Task instructions: From the entries below, please output exactly the lines starting at the one containing "在smart汽车APP上可以" and ending at the one containing "Polling Numbers: A", both included.

Dataset content:
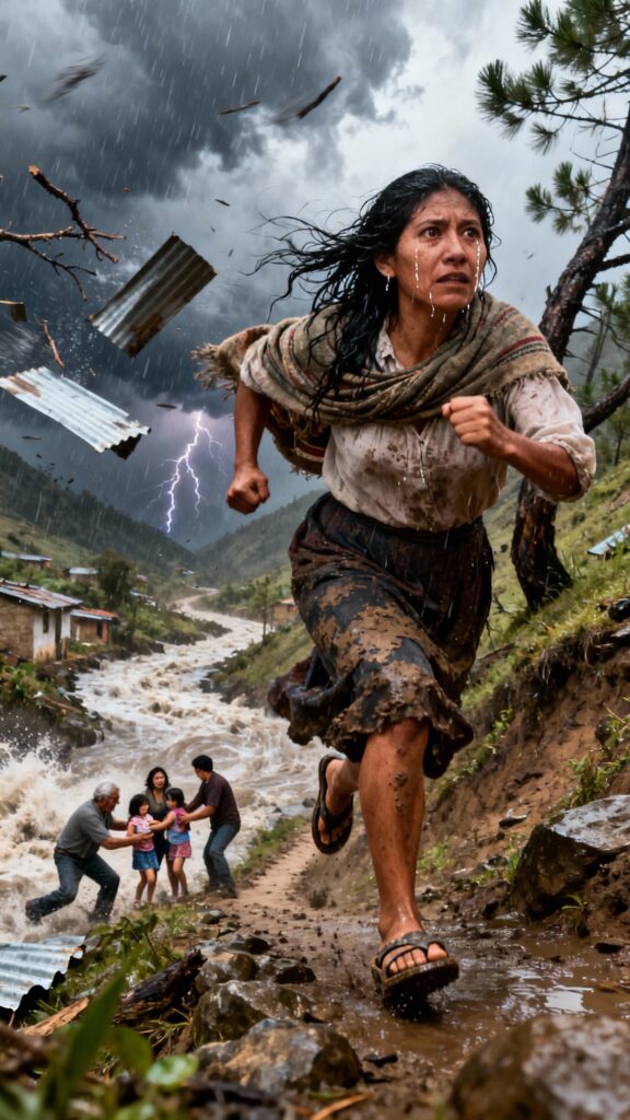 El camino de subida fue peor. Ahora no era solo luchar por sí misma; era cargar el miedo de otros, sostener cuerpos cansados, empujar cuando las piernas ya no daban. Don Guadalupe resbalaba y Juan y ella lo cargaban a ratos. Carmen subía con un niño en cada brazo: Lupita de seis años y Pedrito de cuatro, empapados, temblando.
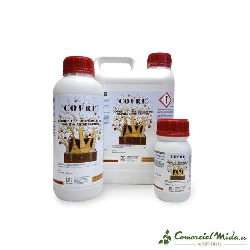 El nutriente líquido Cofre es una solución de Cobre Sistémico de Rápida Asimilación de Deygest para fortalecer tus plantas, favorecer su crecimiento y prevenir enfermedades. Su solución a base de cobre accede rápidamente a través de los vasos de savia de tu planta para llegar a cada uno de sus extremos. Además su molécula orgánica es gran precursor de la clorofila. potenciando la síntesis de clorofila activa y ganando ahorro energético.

--

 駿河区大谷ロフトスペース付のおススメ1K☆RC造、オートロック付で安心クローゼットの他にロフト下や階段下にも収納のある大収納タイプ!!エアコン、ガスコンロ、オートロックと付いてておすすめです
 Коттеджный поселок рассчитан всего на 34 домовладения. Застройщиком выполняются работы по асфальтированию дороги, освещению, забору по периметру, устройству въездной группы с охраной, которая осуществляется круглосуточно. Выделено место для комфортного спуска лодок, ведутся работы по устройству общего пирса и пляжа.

--

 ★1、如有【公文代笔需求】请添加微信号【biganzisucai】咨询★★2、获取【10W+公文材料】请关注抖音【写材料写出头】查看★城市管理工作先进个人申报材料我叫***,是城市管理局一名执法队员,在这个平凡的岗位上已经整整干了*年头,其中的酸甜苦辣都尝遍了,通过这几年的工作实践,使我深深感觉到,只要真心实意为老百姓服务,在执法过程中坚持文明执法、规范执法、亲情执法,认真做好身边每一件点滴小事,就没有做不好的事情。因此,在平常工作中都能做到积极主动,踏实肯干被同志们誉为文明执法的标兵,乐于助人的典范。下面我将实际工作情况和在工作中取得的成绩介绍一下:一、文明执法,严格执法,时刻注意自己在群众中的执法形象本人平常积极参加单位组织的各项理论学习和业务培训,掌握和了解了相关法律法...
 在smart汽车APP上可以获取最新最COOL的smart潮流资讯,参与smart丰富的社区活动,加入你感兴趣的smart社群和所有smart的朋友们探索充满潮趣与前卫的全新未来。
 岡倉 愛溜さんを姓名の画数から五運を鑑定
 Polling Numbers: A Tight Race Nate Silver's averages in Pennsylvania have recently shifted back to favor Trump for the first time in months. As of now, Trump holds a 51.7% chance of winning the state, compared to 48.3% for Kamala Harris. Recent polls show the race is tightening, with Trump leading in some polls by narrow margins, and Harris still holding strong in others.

Response:
 在smart汽车APP上可以获取最新最COOL的smart潮流资讯,参与smart丰富的社区活动,加入你感兴趣的smart社群和所有smart的朋友们探索充满潮趣与前卫的全新未来。
 岡倉 愛溜さんを姓名の画数から五運を鑑定
 Polling Numbers: A Tight Race Nate Silver's averages in Pennsylvania have recently shifted back to favor Trump for the first time in months. As of now, Trump holds a 51.7% chance of winning the state, compared to 48.3% for Kamala Harris. Recent polls show the race is tightening, with Trump leading in some polls by narrow margins, and Harris still holding strong in others.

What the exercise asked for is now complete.